Match a number, either integer, floating point, or hexadecimal. Does not do octal yet.

$word_re

Match a word, such as a function or variable name or a keyword of the language.

$grammar_re

Match other syntactic characters such as { or [.

$single_string_re

Match a single C string constant such as "this".

$string_re

Match a full-blown C string constant, including compound strings "like" "this".

FUNCTIONS

decomment

my $out = decomment ('/* comment */');
# $out = " comment ";

Remove the comments from a string.

tokenize

my $tokens = tokenize ($file);

Convert $file into a series of tokens. The return value is an array reference which contains hash references. Each hash reference corresponds to one token in the C file. Each token contains the following keys:

leading

Any whitespace which comes before the token (called "leading whitespace").

name

The name of the token, which may be

comment

A comment, like

/* This */

or

// this.
cpp

A C preprocessor instruction like

#define THIS 1

or

#include "That.h".
char_const

A character constant, like '\0' or 'a'.

grammar

A piece of C "grammar", like { or ] or ->.

number

A number such as 42,

word

A word, which may be a variable name or a function.

string

A string, like "this", or even "like" "this".

$name

The value of the type. For example, if $token->{name} equals 'comment', then the value of the type is in , $token->{comment}.

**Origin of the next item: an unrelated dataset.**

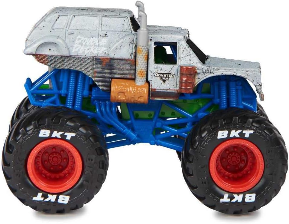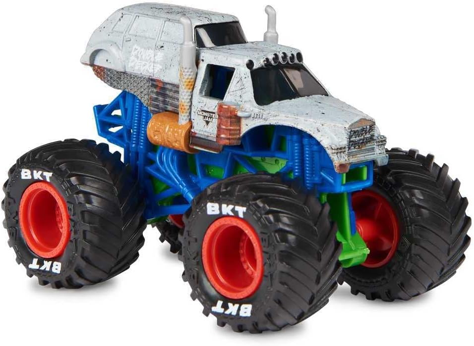 Monster Jam 2023 Spin Master 1:64 Diecast Truck Series 28 Steel Reveal Series Double Decker. Introducing the all-new, official 1:64 scale die-cast Monster Jam monster truck! This lean, mean, Monster Jam machine features awesome graphics and details. With official BKT Tires, stylized rims, and an authentic chassis, this monster truck embodies the style and swagger of its real-life counterpart! Each 1:64 scale toy truck comes complete with a driver molded into the driver’s seat. This 1:64 scale die-cast Monster Jam truck is just like the real thing – only fun size! Plus, easily keep track of your collection with the exclusive downloadable collector poster. Monster Jam monster truck toys are the perfect gifts for kids ages 3 and up. Bring home your favorite Monster Jam monster trucks and start building your collection today!
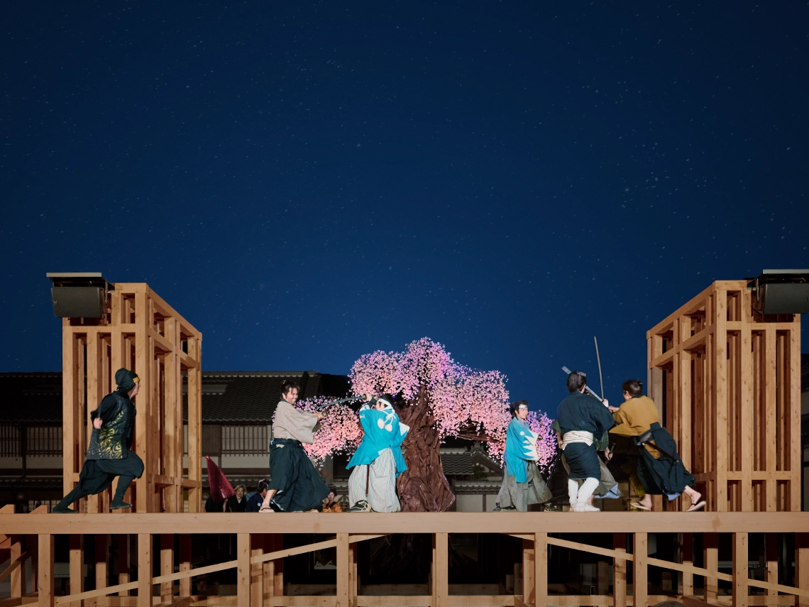 『360°リアルタイムドラマ』は、村全体を舞台にリアルタイムでドラマが展開する新たなライブショー。さまざまな人物たちが生きる江⼾時代のとある京都の⼀⽇をあなたは⾃由に過ごしながら、時に事件が巻き起こる⼤きな物語を共に体験する。春の演⽬は『花嫁道中 桜の宴』。思わず現代を忘れる圧倒的な没⼊体験。

if ($token->{name} eq 'string') {
    my $c_string = $token->{string};
}

BUGS

Octal not parsed

It does not parse octal expressions.

No trigraphs

No handling of trigraphs.

Requires Perl 5.10

This module uses named captures in regular expressions, so it requires Perl 5.10 or more.

AUTHOR

Ben Bullock, <bkb@cpan.org>

COPYRIGHT & LICENCE

This package and associated files are copyright (C) 2012 Ben Bullock.

You can use, copy, modify and redistribute this package and associated files under the Perl Artistic Licence or the GNU General Public Licence.